I have been studying how debuggers work and studying assembly output of compilers in debug mode. One thing I noticed is that they seem to reload registers at every single line, even if no code could possibly change the value:
// push rbp
// mov rbp, rsp
// mov DWORD PTR [rbp-20], edi
int square(int x) {
// mov eax, DWORD PTR [rbp-20]
// mov DWORD PTR [rbp-4], eax
int result = x;
// mov eax, DWORD PTR [rbp-4]
// imul eax, DWORD PTR [rbp-20]
// mov DWORD PTR [rbp-4], eax
result *= x;
// mov eax, DWORD PTR [rbp-4]
return result;
// pop rbp
// ret
}
In example above, we can see that x = edi = [rbp-20] and result = eax = [rbp-4]. Between the lines result *= x; and return result; the compiler stores result on the stack only to immediately load it again.
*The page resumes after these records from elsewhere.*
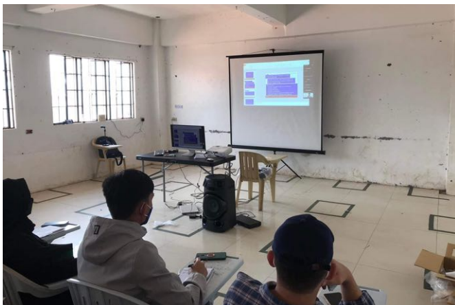
The desktop, projector and speaker donated by IIIT to RC-AKIC (RC Al Khwarizmi International College Foundation Incorporated).
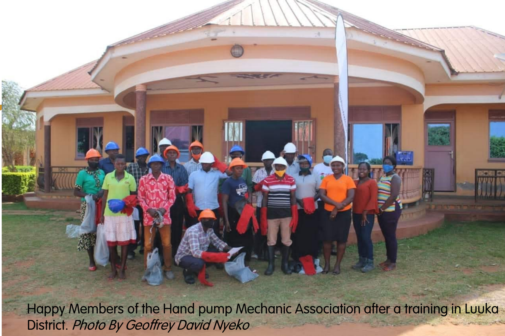
Happy Members of the Hand pump Mechanic Association after a training in Luuka District.
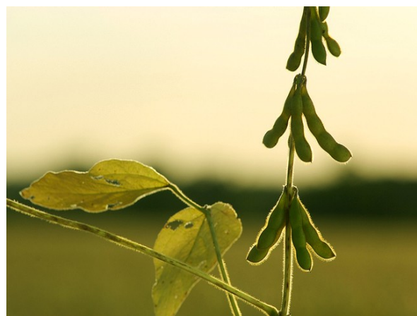
This is his kind of forestry along with soya which both of which are fast destroying the native forests.
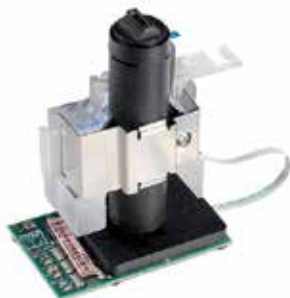
HP Optical Media Advance Sensor (OMAS)

HP Instant Printing PRO allows you to quickly preview, crop, and print in large format using one simple tool, providing a quick and easy way for reprographic and copy shops to print in large format. You can easily manage your files from one single application. Just drag and drop PDF, 7 TIFF, JPEG, PPT, 8 HP-GL/2, and DWF files to HP Instant Printing PRO to manage and preview them. Access the job queue as well as accounting information with one simple click. HP Instant Printing PRO enables true print confidence. Avoid printing on the wrong-sized media with a realistic print preview.
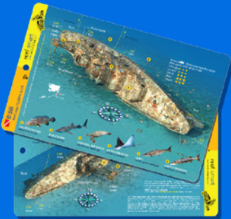
FLK03 Waterproof plastic card 5.5 x 8.5 inch Bibb Florida Keys
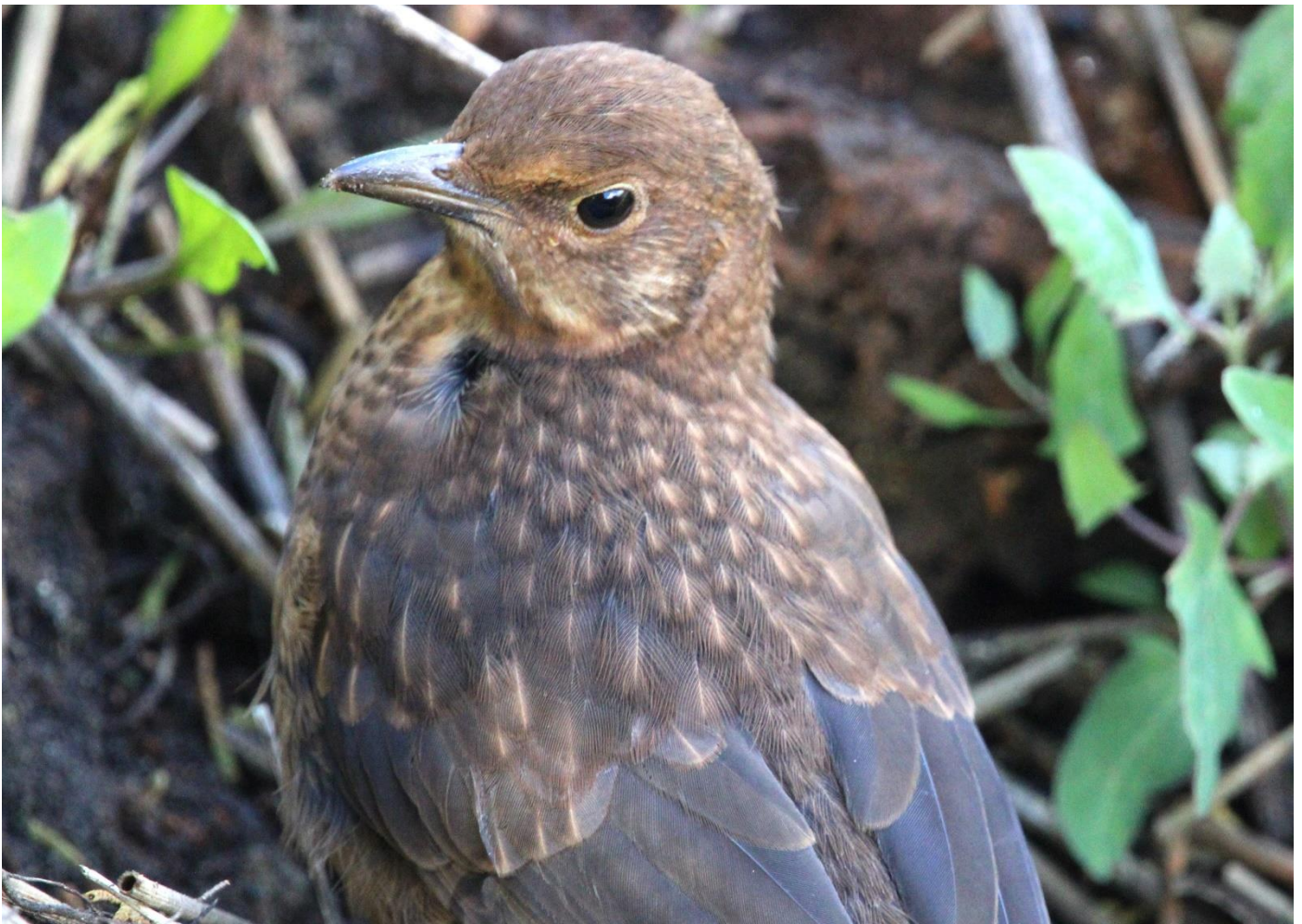
A juvenile Blackbird.

Blackbird: Was seen on 16 days during the month.

Is this behavior only to facilitate debuggers, so that they work correctly if I set a breakpoint at return result; and modify it, or is there some other reason for it?
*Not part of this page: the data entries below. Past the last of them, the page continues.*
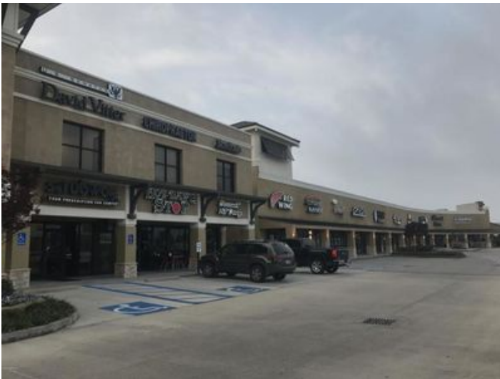
Shops at Martial pic 2
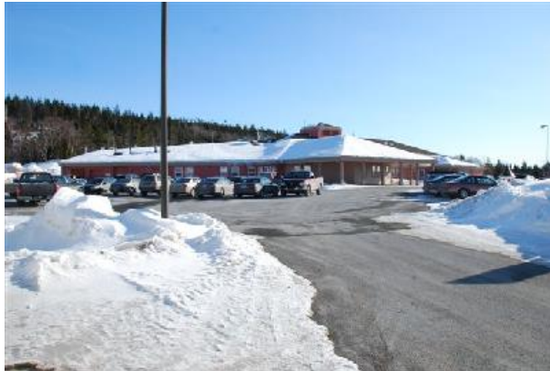
Buchanan Memorial Community Health Centre

Neil's Harbour is also the location of Buchanan Memorial Community Health Centre which serves the medical needs of the permanent population of about 3000 residents living in the communities of northern Victoria County. Services include a 10-bed in-patient unit, a medical clinic staffed by three full-time physicians, X-ray and laboratory services in-house, and emergency room services with a physician on call 24 hours. Other in-house services include public health, physiotherapy, occupational therapy, home care, dietician and palliative care. Visiting services include mental health counselling, addictions counselling, social services, and visiting consultants in internal medicine. There is easy access to more advanced diagnostic services and a full range of medical services in the Sydney area, a 2-hour drive away by car. The Emergency Health Service base (ambulance) with trained personnel is adjacent to the hospital. Buchanan Memorial also has a landing area for Medivac helicopters beside the hospital. There are two private registered massage therapists in the local area as well (in Dingwall and Ingonish). There is also a chapel located in the hospital area.
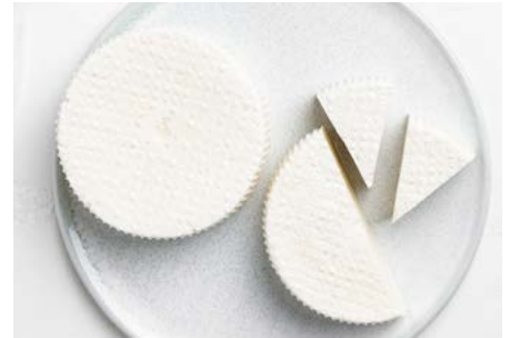
ORGANIC CACIOTTA Fresh cow milk cheese with a semi soft texture

If I turn on optimisations, the entire function becomes just imul edi, edi; mov eax, edi; ret; but the debugger jumps over most lines.
The same behavior and equivalent assembly can be seen for all compilers and architectures (GCC/Clang/MSVC, x86/ARM/RISC-V).
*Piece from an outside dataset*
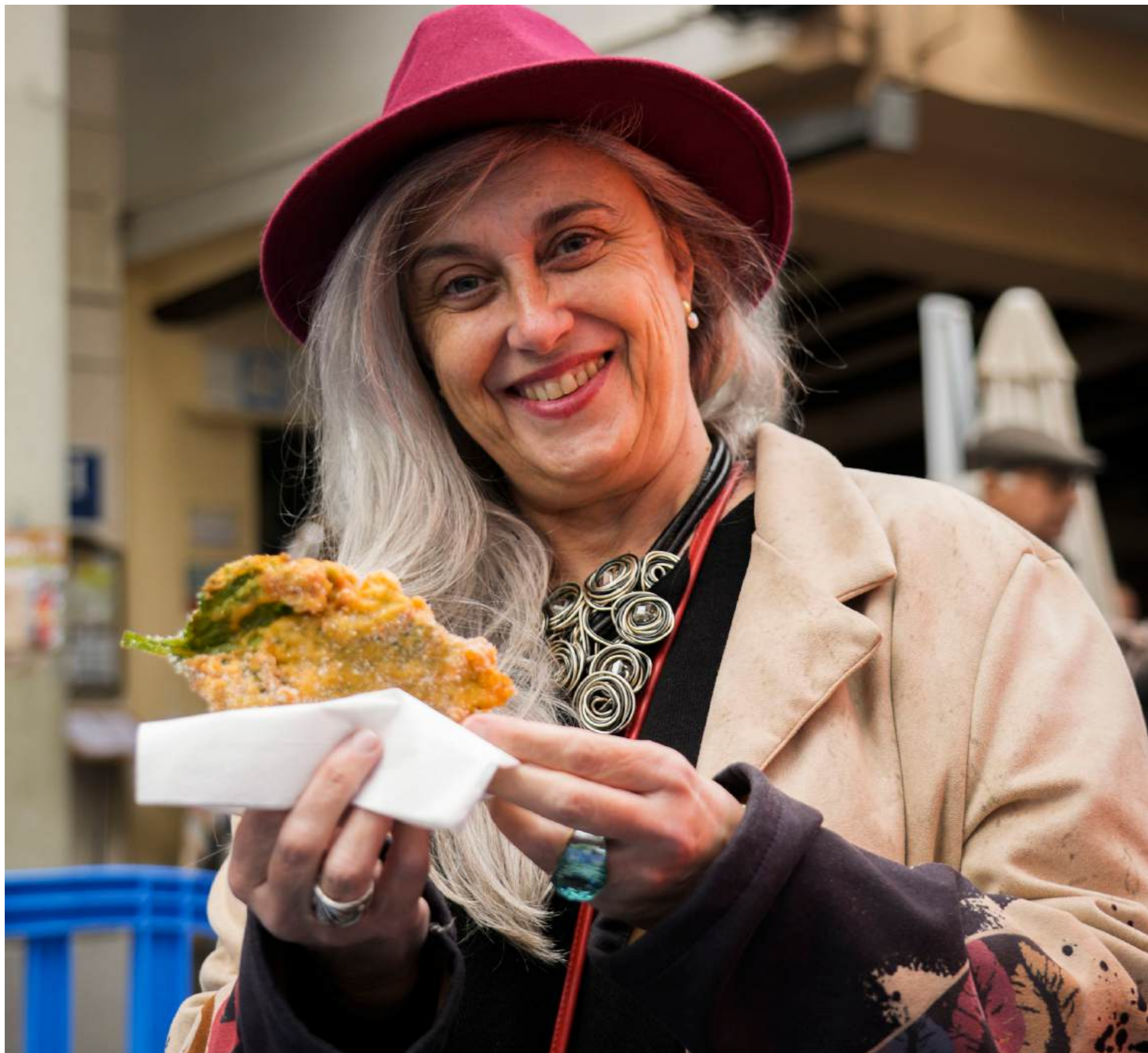
A person smiles while showing a crespillo

There is no such thing as a "debug mode" for compiler. What you are talking about is compilation with optimizations turned off (-O0 for GCC/Clang). Sometimes it is conflated with debug because optimizations tend to mess with debugging experience - the more optimizations are done the harder it is to map resulting code back to the original source (and harder to recover local variables state during debugging from CPU and memory state).
Compilers usually start by translating C into pseudocode (intermediate representations) in the simplest way possible, and that results in such unoptimal code you see. Compiler would then apply numerous optimization passes to clean that up and remove inefficiencies, but -O0 disables almost all of that. To answer your question: NO, compilers are not forced to reload registers for each statement; it is just a byproduct of the compilers' usual architecture.
Compiler authors has long recognized a need for some middle ground between full-fledged optimization hell of -O2 and blabbering inefficiency of -O0, and at least GCC and Clang offer -Og optimization level which is specifically designed to be debugger-friendly. For your particular example, the resulting code is exactly the same three instructions as in fully optimized case. However - and this is both funny and tragic - the gdb behaviour does change between the code optimized to -Og (where it skips first line but steps through the rest) and -O2 (where it does skip multiplication completely like you pointed out). Same exact machine code yet different behaviour, because the compiler emitted more debugging information for -Og mode... Not sure why, but I suspect some optimization passes in -O2 might've destroyed some of that information somewhere during IR transformations even though they didn't result in any machine code changes.